J'ai appris à mes dépens que pendant 30 ans, il y a eu une "étrange omerta" sur le cordon ombilical et sur le sang placentaire, que durant une décennie, on a préféré installer de grosses machines peu efficaces et très contraignantes sur des malades en attente de greffe cardiaque, au lieu d'installer à la place de cette machine provisoire en attendant la greffe une micro-turbine permettant aux ventricules du coeur de récupérer, l'un après l'autre, ce qui aurait permis d'éviter de "réclamer des coeurs" [à transplanter]. J'ai appris à mes dépens que depuis des décennies, un "marketing social du don" nous conditionne à envisager le don d'organes en particulier et la transplantation en général sous un jour beaucoup plus glorieux, anodin et simple qu'ils ne le sont en réalité. J'ai appris à mes dépens que les journaux montent en épingle les querelles entre mandarins (chefs de service hospitalier) au lieu d'informer la population sur les véritables avancées scientifiques. J'ai appris à mes dépens que chaque mandarin a une fâcheuse tendance à travailler et à publier seul dans son coin (pour que lui revienne le mérite de l'action), au lieu de s'unir à ses confrères pour informer, dans une démarche commune, les usagers de la santé.
J'ai appris ...
Mais je pourrais continuer longtemps ainsi. Trop longtemps. Je vous donne rendez-vous en juin 2011, pour un "thriller" médical qui vous en dira plus sur ces vérités utiles qu'il vaut mieux apprendre avant qu'il ne soit trop tard ... Ma démarche n'a rien d'extraordinaire. Pas besoin d'attendre mon livre. Voyez par vous-même ...
Petit exercice pratique :
Ce 27 octobre 2010, le journaliste Yves Mamou publie dans Le Monde un article intitulé : "Ces nouveaux Supermen qui déstabilisent les institutions" :
"Pour la première fois dans l'histoire de l'humanité, un simple individu, dénué des outils traditionnels de la puissance (armée, police...), sans charisme particulier, peut engendrer un désordre planétaire ou déstabiliser des institutions. Certes, il est arrivé dans l'Histoire que des individus articulent le cours des événements autour de leur personne. Jeanne d'Arc, Raspoutine ou Gandhi, doués sans doute d'un charisme exceptionnel, ont pu agir sur la volonté des puissants ou des foules. Mais, avec les Kerviel ou les Gonzalez, voici l'avènement de Super-banal-men. Un Superman sans qualités."
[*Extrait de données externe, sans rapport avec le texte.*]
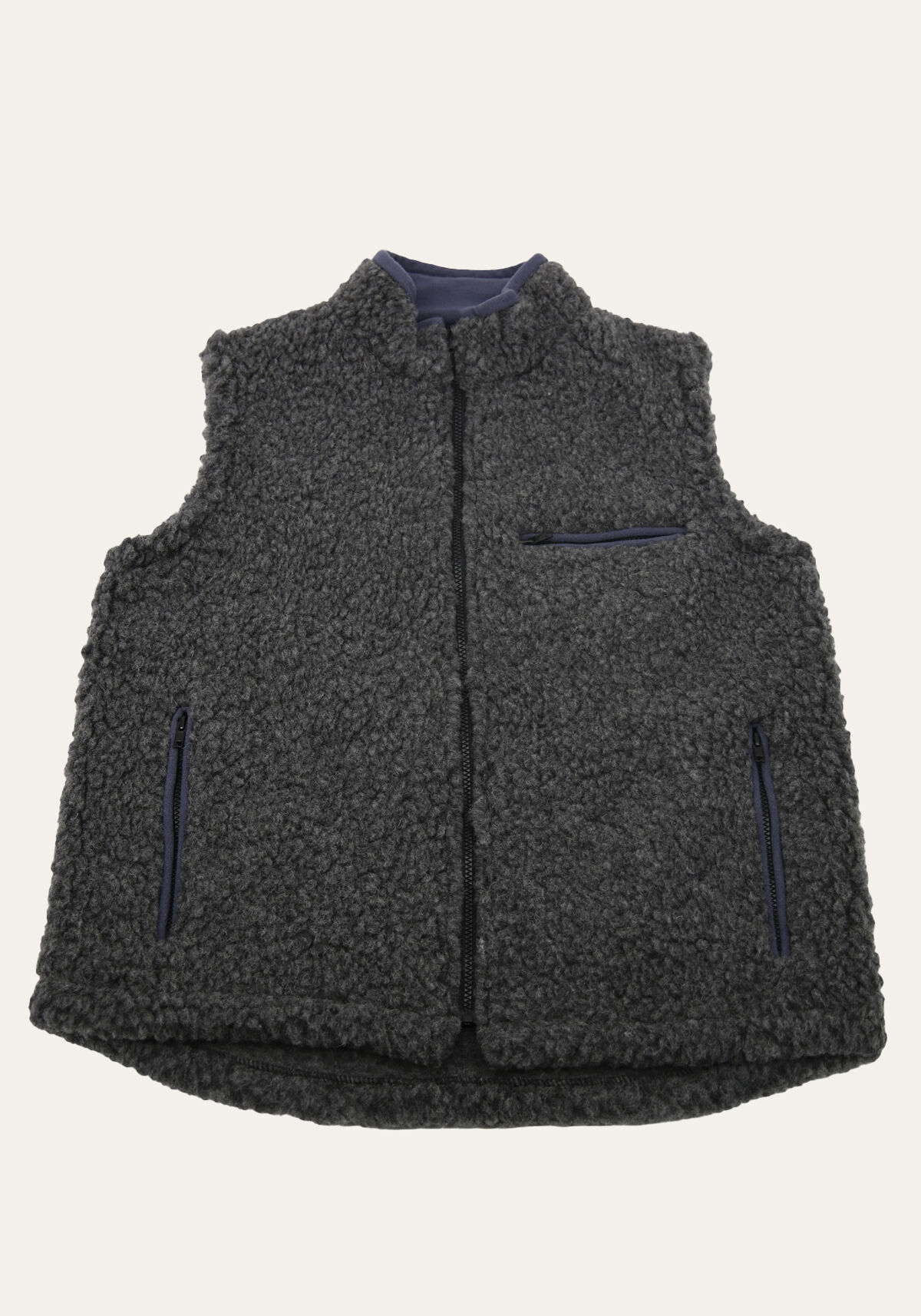 - Vest has sewn-on, practical pockets and a zipper.

En réaction à cet article, me suis permis d'écrire à ce journaliste du Monde : 
Bonjour M. Yves Mamou et bravo pour votre article.
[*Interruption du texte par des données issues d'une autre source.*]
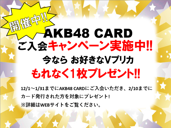 12月1日~1月31日の期間に新たにご入会いただき、2月10日までにAKB48 CARDを発行された会員さまが対象となります。
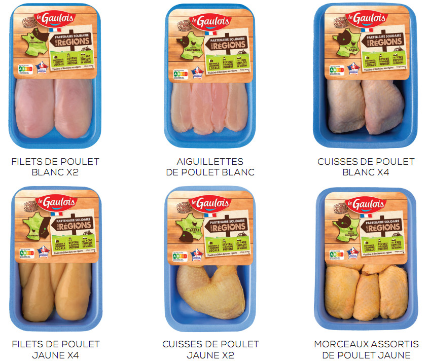 La gamme est déclinée en 6 régions de France entre deux types de poulet, jaunes ou blancs, selon la préférence de consommation régionale :

Petite et modeste illustration :
Comment un blogger anonyme ("sans qualités", comme le héros de l'écrivain autrichien Robert Musil)déstabilise l'institution médicale, qui nous conditionne avec son "marketing social du Don d'organes" (la formule est d'un sociologue auteur chez Gallimard, Philippe Steiner), et comment ce blogger reçoit, à force de blogger, le soutien de prestigieux scientifiques tels le Professeur Eliane Gluckman, pionnière de la greffe du sang de cordon, ou le Professeur Bernard Devauchelle, pionnier de la greffe des tissus composites de la face.
En quoi le Professeur Bernard Devauchelle déstabilise-t-il l'institution médicale ? C'est très simple. Au lieu de laisser son activité de la transplantation faciale être encadrée par l'Agence de la Biomédecine (ABM), institution gouvernementale en charge d'encadrer et de promouvoir la transplantation d'organes et de tissus, il veut créer un Institut Européen Faire Faces (IFF), au CHU d'Amiens, dont l'ouverture est prévue pour 2012, fédérant les compétences scientifiques (recherche européenne) et économiques (partenariats publics-privés). Un IFF hors de portée de l'ABM ... IFF ... Avec un peu d'imagination, on pourrait penser aux Forces françaises de l'intérieur (FFI), armée clandestine constituée le 29 décembre 1943, luttant contre l'Occupation en France, pendant la Seconde Guerre ... Je souhaite tout le succès qu'il mérite à cet IFF européen.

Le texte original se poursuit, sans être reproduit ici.